Abstract:Diffusion models have emerged as potential tools to tackle the challenge of sparse-view CT reconstruction, displaying superior performance compared to conventional methods. Nevertheless, these prevailing diffusion models predominantly focus on the sinogram or image domains, which can lead to instability during model training, potentially culminating in convergence towards local minimal solutions.

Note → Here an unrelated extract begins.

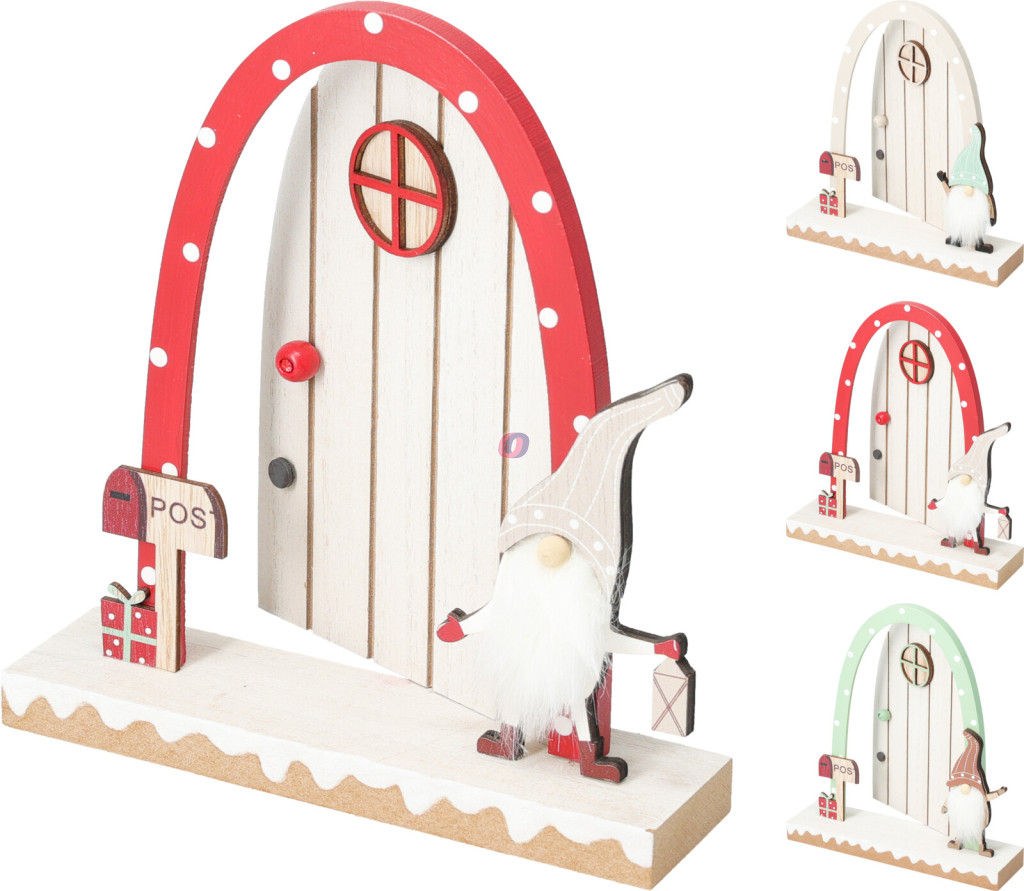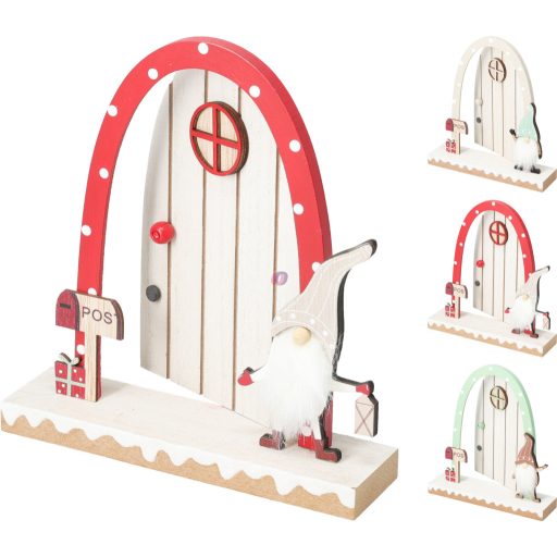 A mágneses rögzítésű manó és ajtó kombináció nemcsak hangulatos, hanem praktikus dekoráció is, hiszen könnyen elhelyezhető és stabilan áll. Remek választás karácsonyi kompozíciókhoz, polcra vagy bejárati dekorációnak.

The wavelet trans-form serves to disentangle image contents and features into distinct frequency-component bands at varying scales, adeptly capturing diverse directional structures. Employing the Wavelet transform as a guiding sparsity prior significantly enhances the robustness of diffusion models. In this study, we present an innovative approach named the Stage-by-stage Wavelet Optimization Refinement Diffusion (SWORD) model for sparse-view CT reconstruction. Specifically, we establish a unified mathematical model integrating low-frequency and high-frequency generative models, achieving the solution with optimization procedure. Furthermore, we perform the low-frequency and high-frequency generative models on wavelet's decomposed components rather than sinogram or image domains, ensuring the stability of model training. Our method rooted in established optimization theory, comprising three distinct stages, including low-frequency generation, high-frequency refinement and domain transform. Our experimental results demonstrate that the proposed method outperforms existing state-of-the-art methods both quantitatively and qualitatively.